■ **Problem statement**:
Copy out nothing but the lines from the one holding "Η Διευθύντρια του" through the end of the entries below, exactly as written and without the pictures.

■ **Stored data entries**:
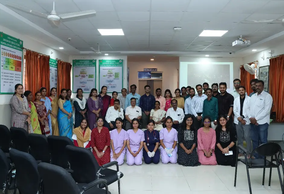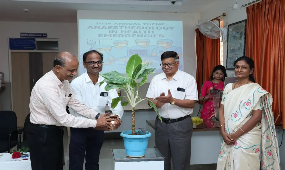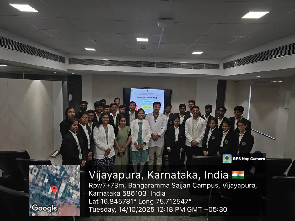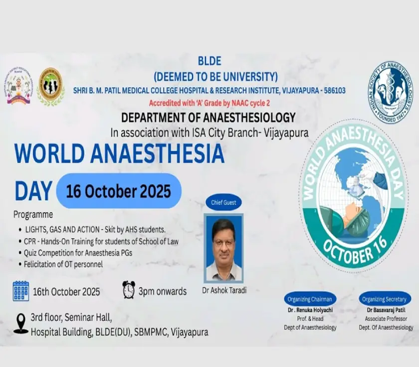 Dr. Ashok Taradi, Department RMO, Shri B. M. Patil Medical College, Vijayapur, was the chief guest for the event. We, the Department of Anesthesia, conducted the following activities: a BLS hands-on training programme for Shri B. M. Patil Law College students, in which about 90 students participated; a short film on “Anesthesia Awareness,” produced and presented by our postgraduates; a mime show presented by our B.Sc. Anesthesia students; a quiz for the postgraduates of the Department of Anesthesia; and the felicitation of two retired/senior OT personnel (three Class II workers). At the end, high tea was served to all the participants.
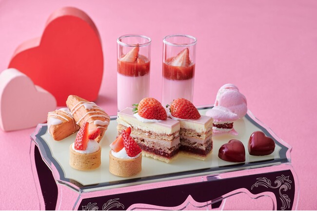 ハート型のマカロンやルビーチョコレートのケーキなど、バレンタインにもおすすめのラインナップ!テイクアウトアフタヌーンティーも同時販売
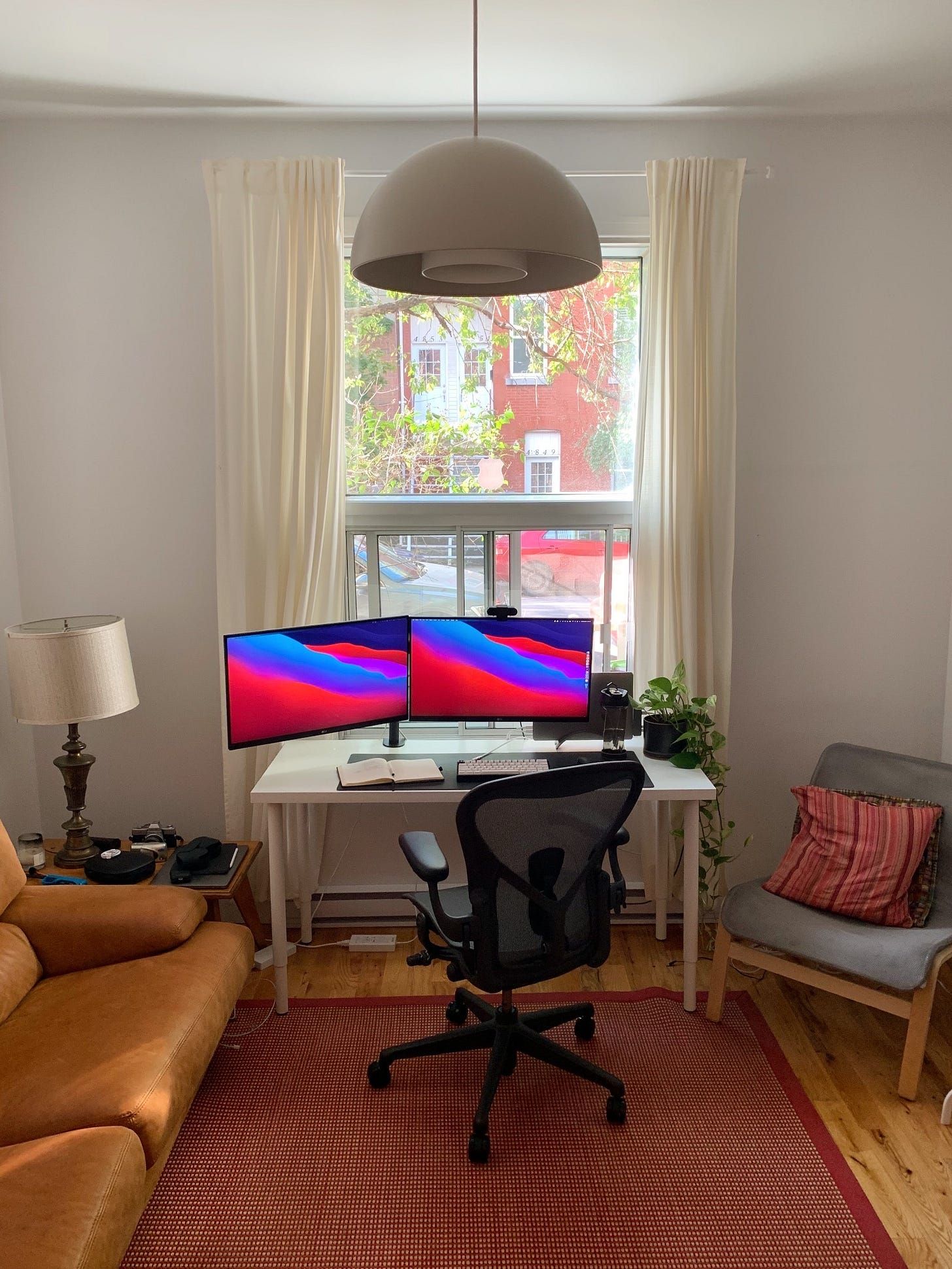 27" LG 4K Monitors - I shifted to a dual monitor setup for being in calls and sharing my screen at the same time, which I'm doing very often as a designer. However, I did appreciate that one monitor made it easier to focus on one thing at a time when working, with less distractions.
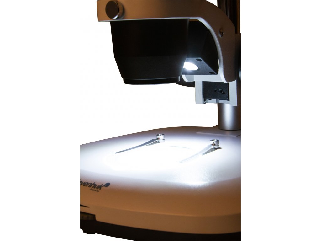 Osvetľovací systém obsahuje horné a spodné LED diódy s nastaviteľným jasom. Svetlo je napájané zo sieťového napájacieho zdroja. Telo mikroskopu je vyrobené z odolného kovu, čo je dôvod, prečo je mikroskop Levenhuk ZOOM 1T spoľahlivým optickým prístrojom s dlhou životnosťou.
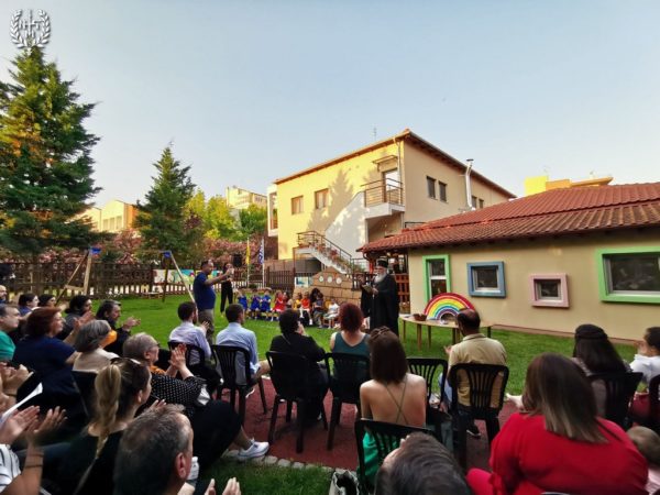 Η Διευθύντρια του Σταθμού, κ. Μαρία Χορέβα, καλωσόρισε τον Σεβασμιώτατο και τους γονείς των παιδιών και παρέδωσε την όμορφη αυλή στις δασκάλες και τα παιδιά για να παρουσιάσουν όλα όσα είχαν ετοιμάσει.
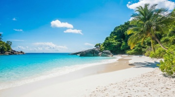 清澈透明的海水环绕着光滑的白色沙滩,阳光洒在海面上闪烁着金色的光芒,远处是蔚蓝的天空和几朵悠闲的白云,海浪轻轻拍打着岸边的礁石,溅起晶莹的水花,整体呈现出明亮、清新、宁静的夏日海洋氛围,具有高清晰度的写实质感和柔和的光影效果。

■ **Final answer**:
 Η Διευθύντρια του Σταθμού, κ. Μαρία Χορέβα, καλωσόρισε τον Σεβασμιώτατο και τους γονείς των παιδιών και παρέδωσε την όμορφη αυλή στις δασκάλες και τα παιδιά για να παρουσιάσουν όλα όσα είχαν ετοιμάσει.
 清澈透明的海水环绕着光滑的白色沙滩,阳光洒在海面上闪烁着金色的光芒,远处是蔚蓝的天空和几朵悠闲的白云,海浪轻轻拍打着岸边的礁石,溅起晶莹的水花,整体呈现出明亮、清新、宁静的夏日海洋氛围,具有高清晰度的写实质感和柔和的光影效果。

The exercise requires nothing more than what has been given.